I'm working on some natural language processing tasks on a large corpus of documents. After some exploratory analysis I've discovered quite a few duplicate documents. I've been using the great textreuse package to do pairwise comparison of documents using the Jaccard similarity score (see this vignette for more information). The problem I am having is more of a data manipulation problem than a text mining problem.
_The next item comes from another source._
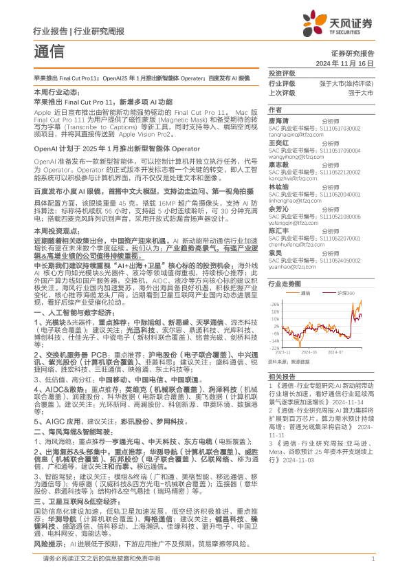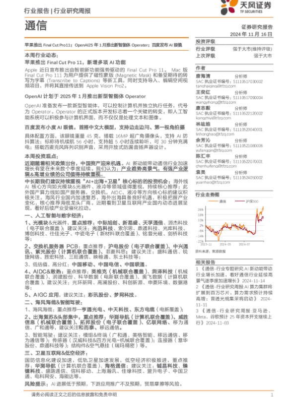 【天风证券】【20241116】通信行业研究周报:苹果推出Final Cut Pro11;OpenAI25年1月推出新智能体Operater;百度发布AI眼镜-13页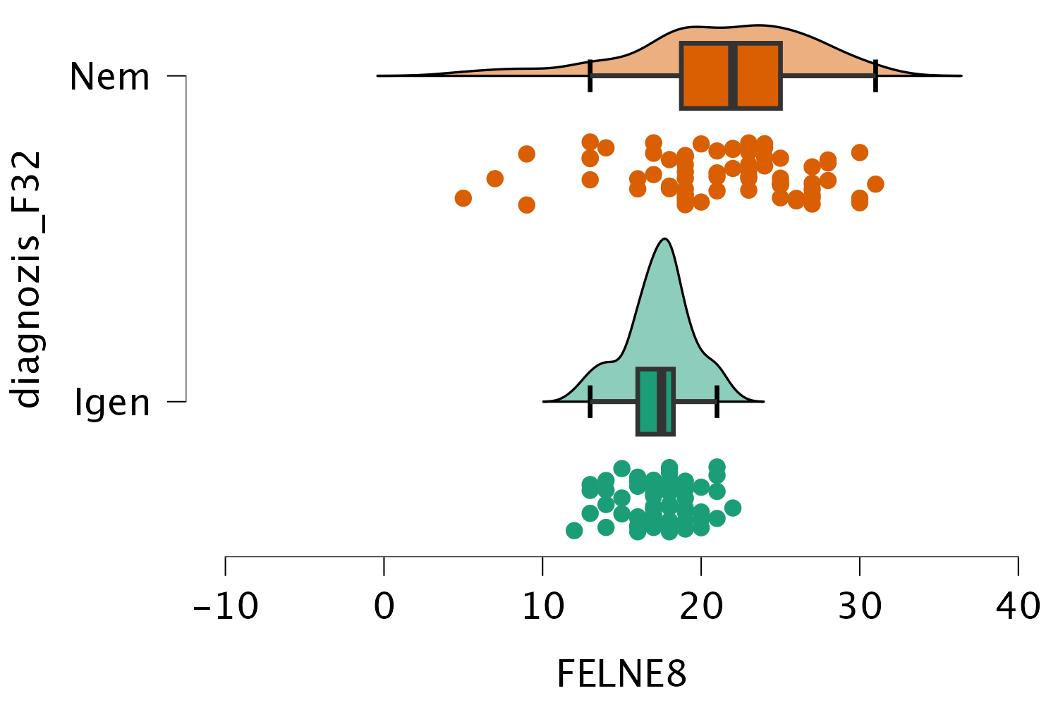 Példa 10.2 (Példa Student-féle t-próbára nem illesztett minta esetén) Szeretnénk megtudni, hogy az általunk mért félelem a negatív megítéléstől átlagpontszám (FÉLNE-8) különbözik-e a major depresszióval (F32.XX) diagnosztizáltak és nem diagnosztizáltak között.

The output of the lsh_compare
function is a data frame with the document IDs as the first two columns and the jaccard similarity score (between 0 and 1 in increasing similarity) as the third column. What I want to do is narrow down the set of documents with a score of 1 and remove duplicates, yet retain one original version of the document. Here is a mock set of data that helps explain what I'm trying to do:
text <- tibble::tribble(~id, ~text,
"101a", "apples are nice",
"102a", "chocolate is great",
"103a", "apples are nice",
"104a", "apples are nice",
"105a", "chocolate and apples are fine",
"106a", "peaches are peachy",
"107a", "chocolate is great",
"108a", "apples are nice",
"109a", "Pie is the best though",
"110a", "don't forget ice cream")
similarity <- tibble::tribble(~a, ~b, ~score,
"101a", "103a", 1,
"101a", "104a", 1,
"101a", "108a", 1,
"104a", "103a", 1,
"104a", "108a", 1,
"103a", "108a", 1,
"102a", "107a", 1)
result <- tibble::tribble(~id, ~text,
"101a", "apples are nice",
"102a", "chocolate is great",
"105a", "chocolate and apples are fine",
"106a", "peaches are peachy",
"109a", "Pie is the best though",
"110a", "don't forget ice cream")
For this, text
is the original data (and associated document IDs), similarity
is the output of the lsh_compare
function from textreuse
, and result
is what I am looking for (note that I don't care about which specific document ID is returned, as long as I get one copy of the original text).
I have found a (perhaps inelegant) way of removing all duplicates, but it's not what I want:
library(dplyr)
distinct_a <- similarity %>%
distinct(a) %>%
rename(id = a)
distinct_b <- similarity %>%
distinct(b) %>%
rename(id = b)
dupes <- bind_rows(distinct_a, distinct_b)
(no_dupes <- text %>% anti_join(dupes, by = "id"))
># A tibble: 4 x 2
id text
<chr> <chr>
1 105a chocolate and apples are fine
2 106a peaches are peachy
3 109a Pie is the best though
4 110a don't forget ice cream
no_dupes
removes the duplicates but does not retain one version of the original text, so it goes beyond what I am looking for. I feel like the solution is on the tip of my tongue and I just can't quite get there. I'm sure it involves dplyr
and possibly tidyr
or a window function, but I'm a bit stuck at this point. As I said, at this point I don't care which document ID is returned, so any solution that removes all duplicates except one original would probably work for my purposes. Any advice would be greatly appreciated.